With Don Ellis Orchestra
- Don Ellis Orchestra 'Live' at Monterey! (Pacific Jazz, 1966)
With Anthony Ortega
- New Dance! (Revelation, 1967)
With Emil Richards
- New Time Element (Uni, 1967)
- Luntana (Interworld, 1996)
With Oliver Nelson
- The Sound of Feeling (Verve, 1968)
- Black, Brown and Beautiful (Flying Dutchman, 1970)
- Skull Session (Flying Dutchman, 1975)
- Stolen Moments (East Wind, 1975)
With Tom Scott
- Rural Still Life (Impulse!, 1968)
- Hair to Jazz (Flying Dutchman, 1969)
- Paint Your Wagon (Flying Dutchman, 1970)
- Great Scott! (A&M, 1972)
- Tom Scott in L.A. (Flying Dutchman, 1975)
With Ron Anthony
- Oh! Calcutta! (1969)
With Bob Thiele Emergency
- Head Start (Flying Dutchman, 1969)
With Clare Fischer
- Thesaurus (Atlantic, 1969)
- Waltz (1969)
- Reclamation Act of 1972 (Revelation, 1972)

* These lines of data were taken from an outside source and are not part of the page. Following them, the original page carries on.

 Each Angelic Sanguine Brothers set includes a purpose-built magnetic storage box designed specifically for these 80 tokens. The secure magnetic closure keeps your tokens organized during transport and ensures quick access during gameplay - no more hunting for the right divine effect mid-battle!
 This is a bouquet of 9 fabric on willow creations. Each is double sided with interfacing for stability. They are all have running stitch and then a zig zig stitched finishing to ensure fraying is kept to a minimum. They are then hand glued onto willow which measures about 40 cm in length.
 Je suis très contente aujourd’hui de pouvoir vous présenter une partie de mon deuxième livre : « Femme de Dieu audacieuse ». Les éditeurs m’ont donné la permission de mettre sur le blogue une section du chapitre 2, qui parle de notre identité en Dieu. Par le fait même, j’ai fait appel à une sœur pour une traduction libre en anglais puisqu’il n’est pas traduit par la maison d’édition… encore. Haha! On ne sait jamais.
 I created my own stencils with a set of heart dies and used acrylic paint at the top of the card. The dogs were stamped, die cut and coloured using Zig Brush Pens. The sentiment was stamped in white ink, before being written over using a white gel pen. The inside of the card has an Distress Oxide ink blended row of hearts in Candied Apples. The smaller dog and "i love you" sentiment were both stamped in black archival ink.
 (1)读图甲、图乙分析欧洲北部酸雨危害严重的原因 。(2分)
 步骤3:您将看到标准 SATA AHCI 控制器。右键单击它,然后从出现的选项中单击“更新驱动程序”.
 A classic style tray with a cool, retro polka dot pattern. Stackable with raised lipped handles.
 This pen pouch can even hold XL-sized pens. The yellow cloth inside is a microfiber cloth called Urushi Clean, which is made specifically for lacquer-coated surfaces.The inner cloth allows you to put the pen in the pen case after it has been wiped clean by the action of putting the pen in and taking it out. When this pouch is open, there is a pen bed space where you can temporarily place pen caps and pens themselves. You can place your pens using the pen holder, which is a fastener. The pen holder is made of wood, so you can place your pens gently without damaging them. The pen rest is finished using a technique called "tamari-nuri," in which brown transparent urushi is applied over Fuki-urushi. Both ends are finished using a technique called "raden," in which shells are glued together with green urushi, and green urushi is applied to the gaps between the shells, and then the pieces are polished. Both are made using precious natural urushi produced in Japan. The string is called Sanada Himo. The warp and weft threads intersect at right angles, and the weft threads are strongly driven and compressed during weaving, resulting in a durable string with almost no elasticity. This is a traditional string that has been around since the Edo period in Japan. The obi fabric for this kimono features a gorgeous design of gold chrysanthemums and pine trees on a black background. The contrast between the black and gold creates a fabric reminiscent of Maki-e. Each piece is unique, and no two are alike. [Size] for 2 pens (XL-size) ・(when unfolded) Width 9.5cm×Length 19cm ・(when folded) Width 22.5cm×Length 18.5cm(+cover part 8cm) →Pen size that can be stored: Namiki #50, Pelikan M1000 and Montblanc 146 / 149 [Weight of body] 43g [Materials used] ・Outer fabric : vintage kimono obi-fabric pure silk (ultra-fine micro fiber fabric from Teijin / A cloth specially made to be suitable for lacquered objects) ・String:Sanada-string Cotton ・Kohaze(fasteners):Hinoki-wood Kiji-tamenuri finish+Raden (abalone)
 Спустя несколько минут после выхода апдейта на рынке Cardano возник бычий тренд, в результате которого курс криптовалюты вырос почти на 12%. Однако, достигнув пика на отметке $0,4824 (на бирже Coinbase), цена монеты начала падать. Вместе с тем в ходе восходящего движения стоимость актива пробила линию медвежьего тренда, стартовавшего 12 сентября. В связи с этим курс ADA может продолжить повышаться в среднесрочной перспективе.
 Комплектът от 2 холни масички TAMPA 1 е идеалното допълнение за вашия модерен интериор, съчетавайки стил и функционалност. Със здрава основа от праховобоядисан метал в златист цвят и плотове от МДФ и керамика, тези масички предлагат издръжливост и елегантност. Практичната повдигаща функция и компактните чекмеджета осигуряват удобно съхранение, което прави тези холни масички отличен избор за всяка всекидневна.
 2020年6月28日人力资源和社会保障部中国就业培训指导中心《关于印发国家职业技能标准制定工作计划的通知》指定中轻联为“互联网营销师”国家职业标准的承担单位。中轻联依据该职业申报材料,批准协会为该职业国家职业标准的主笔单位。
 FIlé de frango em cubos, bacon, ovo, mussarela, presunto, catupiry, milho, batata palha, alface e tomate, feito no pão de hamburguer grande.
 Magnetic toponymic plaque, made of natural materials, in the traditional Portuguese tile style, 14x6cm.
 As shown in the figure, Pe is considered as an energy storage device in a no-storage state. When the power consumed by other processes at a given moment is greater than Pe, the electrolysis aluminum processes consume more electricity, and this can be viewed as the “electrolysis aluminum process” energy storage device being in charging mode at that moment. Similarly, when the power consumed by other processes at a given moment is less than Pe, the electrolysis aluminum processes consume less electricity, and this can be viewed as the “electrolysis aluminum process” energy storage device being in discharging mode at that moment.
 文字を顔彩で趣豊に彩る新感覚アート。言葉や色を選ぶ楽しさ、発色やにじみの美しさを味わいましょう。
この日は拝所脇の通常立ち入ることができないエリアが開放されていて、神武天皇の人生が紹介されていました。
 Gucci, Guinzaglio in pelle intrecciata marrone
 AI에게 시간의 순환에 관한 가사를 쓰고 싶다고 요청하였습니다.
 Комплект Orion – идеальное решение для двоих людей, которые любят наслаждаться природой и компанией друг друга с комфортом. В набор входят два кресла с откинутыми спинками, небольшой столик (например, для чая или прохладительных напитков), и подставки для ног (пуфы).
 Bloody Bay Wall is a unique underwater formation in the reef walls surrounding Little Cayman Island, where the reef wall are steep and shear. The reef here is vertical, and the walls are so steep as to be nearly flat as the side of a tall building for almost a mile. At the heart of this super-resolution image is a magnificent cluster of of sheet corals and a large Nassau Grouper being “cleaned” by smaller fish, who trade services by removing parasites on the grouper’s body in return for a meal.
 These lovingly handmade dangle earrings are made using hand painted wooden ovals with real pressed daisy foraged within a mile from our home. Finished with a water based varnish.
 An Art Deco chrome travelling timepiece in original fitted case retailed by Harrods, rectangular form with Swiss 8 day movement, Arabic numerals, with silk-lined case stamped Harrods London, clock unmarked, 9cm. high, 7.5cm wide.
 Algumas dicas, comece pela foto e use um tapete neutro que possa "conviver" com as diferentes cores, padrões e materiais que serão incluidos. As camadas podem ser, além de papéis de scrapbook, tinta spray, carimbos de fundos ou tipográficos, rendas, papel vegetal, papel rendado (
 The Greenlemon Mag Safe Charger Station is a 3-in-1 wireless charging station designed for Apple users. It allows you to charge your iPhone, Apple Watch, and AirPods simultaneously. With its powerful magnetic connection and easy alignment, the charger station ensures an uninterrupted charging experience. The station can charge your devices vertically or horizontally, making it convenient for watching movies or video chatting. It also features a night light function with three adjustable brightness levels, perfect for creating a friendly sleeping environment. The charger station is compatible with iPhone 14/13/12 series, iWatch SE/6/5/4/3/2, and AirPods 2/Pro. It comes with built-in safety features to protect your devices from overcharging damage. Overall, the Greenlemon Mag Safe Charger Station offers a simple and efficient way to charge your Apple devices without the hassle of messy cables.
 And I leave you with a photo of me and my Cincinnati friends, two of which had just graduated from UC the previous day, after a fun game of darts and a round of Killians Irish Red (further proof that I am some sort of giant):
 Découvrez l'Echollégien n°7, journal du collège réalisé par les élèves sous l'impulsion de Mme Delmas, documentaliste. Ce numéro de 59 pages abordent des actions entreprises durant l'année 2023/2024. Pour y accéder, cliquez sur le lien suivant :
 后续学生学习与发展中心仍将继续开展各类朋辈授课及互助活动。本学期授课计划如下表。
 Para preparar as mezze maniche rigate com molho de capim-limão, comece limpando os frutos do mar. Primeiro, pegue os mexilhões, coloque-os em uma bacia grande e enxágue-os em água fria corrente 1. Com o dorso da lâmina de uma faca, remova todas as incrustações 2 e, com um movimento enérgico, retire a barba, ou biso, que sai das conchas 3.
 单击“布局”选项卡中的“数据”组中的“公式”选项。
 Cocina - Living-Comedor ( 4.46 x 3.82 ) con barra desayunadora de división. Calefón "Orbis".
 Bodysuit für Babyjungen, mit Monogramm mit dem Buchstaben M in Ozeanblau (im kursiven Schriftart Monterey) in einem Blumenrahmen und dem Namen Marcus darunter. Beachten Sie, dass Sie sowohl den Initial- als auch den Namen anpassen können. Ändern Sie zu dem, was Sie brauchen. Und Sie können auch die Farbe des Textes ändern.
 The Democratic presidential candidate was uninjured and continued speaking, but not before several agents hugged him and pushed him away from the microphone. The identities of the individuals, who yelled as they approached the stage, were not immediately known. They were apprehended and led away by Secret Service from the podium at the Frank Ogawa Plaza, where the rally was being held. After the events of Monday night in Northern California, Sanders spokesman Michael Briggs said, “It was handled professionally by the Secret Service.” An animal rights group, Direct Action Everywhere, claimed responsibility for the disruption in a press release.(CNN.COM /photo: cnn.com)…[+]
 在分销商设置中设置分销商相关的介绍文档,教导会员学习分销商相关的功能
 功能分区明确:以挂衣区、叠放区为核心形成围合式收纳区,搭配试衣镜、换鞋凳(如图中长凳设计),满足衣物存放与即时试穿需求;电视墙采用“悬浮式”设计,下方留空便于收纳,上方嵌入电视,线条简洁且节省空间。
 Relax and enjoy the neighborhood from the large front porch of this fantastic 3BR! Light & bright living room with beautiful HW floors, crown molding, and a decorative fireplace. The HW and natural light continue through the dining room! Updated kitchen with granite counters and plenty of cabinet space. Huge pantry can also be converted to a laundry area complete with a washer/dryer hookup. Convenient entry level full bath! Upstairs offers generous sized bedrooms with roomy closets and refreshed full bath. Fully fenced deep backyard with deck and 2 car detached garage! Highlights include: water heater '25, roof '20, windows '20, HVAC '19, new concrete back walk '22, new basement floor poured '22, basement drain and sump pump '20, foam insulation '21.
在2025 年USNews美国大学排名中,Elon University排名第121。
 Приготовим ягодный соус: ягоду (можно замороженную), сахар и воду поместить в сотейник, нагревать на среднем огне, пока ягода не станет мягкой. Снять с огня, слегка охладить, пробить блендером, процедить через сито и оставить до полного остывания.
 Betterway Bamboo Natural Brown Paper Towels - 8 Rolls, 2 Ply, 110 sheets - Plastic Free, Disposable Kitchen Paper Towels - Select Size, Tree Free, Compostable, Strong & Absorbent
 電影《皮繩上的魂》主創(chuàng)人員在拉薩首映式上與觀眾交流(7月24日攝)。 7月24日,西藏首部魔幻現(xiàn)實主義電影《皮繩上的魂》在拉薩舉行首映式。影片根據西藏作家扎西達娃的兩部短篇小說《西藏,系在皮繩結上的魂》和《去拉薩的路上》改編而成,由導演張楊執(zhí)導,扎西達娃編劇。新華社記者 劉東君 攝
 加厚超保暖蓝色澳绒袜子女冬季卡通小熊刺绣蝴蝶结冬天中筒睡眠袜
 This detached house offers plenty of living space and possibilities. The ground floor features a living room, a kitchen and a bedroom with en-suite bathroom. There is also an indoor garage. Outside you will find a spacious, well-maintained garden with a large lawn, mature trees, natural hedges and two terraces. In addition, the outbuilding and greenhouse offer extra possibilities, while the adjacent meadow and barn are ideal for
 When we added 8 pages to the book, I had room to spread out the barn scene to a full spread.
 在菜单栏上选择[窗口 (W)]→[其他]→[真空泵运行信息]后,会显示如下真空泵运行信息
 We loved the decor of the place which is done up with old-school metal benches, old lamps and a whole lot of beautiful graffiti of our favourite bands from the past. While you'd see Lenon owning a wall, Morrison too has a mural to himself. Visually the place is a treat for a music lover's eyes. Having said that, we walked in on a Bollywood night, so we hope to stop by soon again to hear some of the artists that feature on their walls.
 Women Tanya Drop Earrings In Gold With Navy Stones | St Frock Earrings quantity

With Kai Winding and J. J. Johnson
- Betwixt & Between (CTI, 1969)
With Stan Kenton
- Hair (Capitol, 1969)
With Barney Kessel
- Feeling Free (Contemporary, 1969)
- Barney Plays Kessel (Concord Jazz, 1975)
- The Artistry (1984)
With Howard Roberts
- Spinning Wheel (Capitol, 1969)
With Townes Van Zandt
- Our Mother the Mountain (Poppy, 1969)
With Dave Mackay & Vicky Hamilton
- Rainbows (Impulse!, 1970)
With João Donato
- A Bad Donato (Blue Thumb, 1970)
With Scott McKenzie
- Stained Glass Morning (Ode, 1970)
With Pisano & Ruff
- Under the Blanket (A&M, 1970)
With Marc Benno
- Minnows (A&M, 1971)
With Les Crane
- Desiderata (Warner Bros., 1971)
With Roger Kellaway
- Roger Kellaway Cello Quartet (A&M, 1971)
- Come to the Meadow (A&M, 1974)
- Nostalgia Suite (Discwater, 1978)
- Windows (Angel, 1993)
- As It Happened Vol. 1 (Jazz Heritage, 2002; Recorded in 1982)
With Lani Hall
- Sun Down Lady (A&M, 1972)
- Sweet Bird (A&M, 1976)
- Double or Nothing (A&M, 1979)
- Brasil Nativo (Windham Hill, 1998)
With Harvey Mandel
- The Snake (Janus, 1972)
With Carmen McRae
- The Great American Songbook (Atlantic, 1972)
With Melanie
- Stoneground Words (Neighborhood, 1972)
- Madrugada (Neighborhood, 1974)
With Gerry Mulligan
- The Age of Steam (A&M, 1972)
With Carroll O'Connor
- Remembering You (A&M, 1972)
With Cyril Havermans
- Cyril (MGM, 1973)
With Victor Feldman
- Your Smile (Choice, 1974)
- The Artful Dodger (Concord Jazz, 1977)
- Rockavibabe (DJM, 1977)
- In My Pocket (Cohearent, 1978)
- Rio Nights (TBA, 1987)
- The Best of Feldman and the Generation Band (Nova, 1989)
With Henry Mancini
- Hangin' Out with Henry Mancini (RCA, 1974)
- Switch: Original Score (Varése Sarabande, 1991)
With Phoebe Snow
- Phoebe Snow (Shelter, 1974)
- It Looks Like Snow (Columbia, 1976)
With Elek Bacsik
- Bird and Dizzy: A Musical Tribute (Flying Dutchman, 1975)
With Richard "Groove" Holmes
- Six Million Dollar Man (Flying Dutchman, 1975)
With Rita Coolidge
- It's Only Love (A&M, 1975)
- Out of the Blue (Beacon, 1996)
With Terry Garthwaite
- Terry (Arista, 1975)
With Richard "Groove" Holmes
- Six Million Dollar Man (Flying Dutchman, 1975)
With Bobby Hutcherson
- Montara (Blue Note, 1975)
- Un Poco Loco (Columbia, 1980; Recorded in 1979)
With John Klemmer
- Touch (ABC, 1975)
- Barefoot Ballet (ABC, 1976)
- Lifestyle (Living & Loving) (ABC, 1977)
- The Best...Vol. 1: Mosaic (MCA, 1980)
- Music (MCA, 1989)
With Louis Bellson
- The Drum Session (Philips, 1975)
- The Drum Session Vol. 2 (Philips, 1977)
With Danny O'Keefe
- So Long Harry Truman (Atlantic, 1975)
With Moacir Santos
- Carnival of the Spirits (Blue Note, 1975)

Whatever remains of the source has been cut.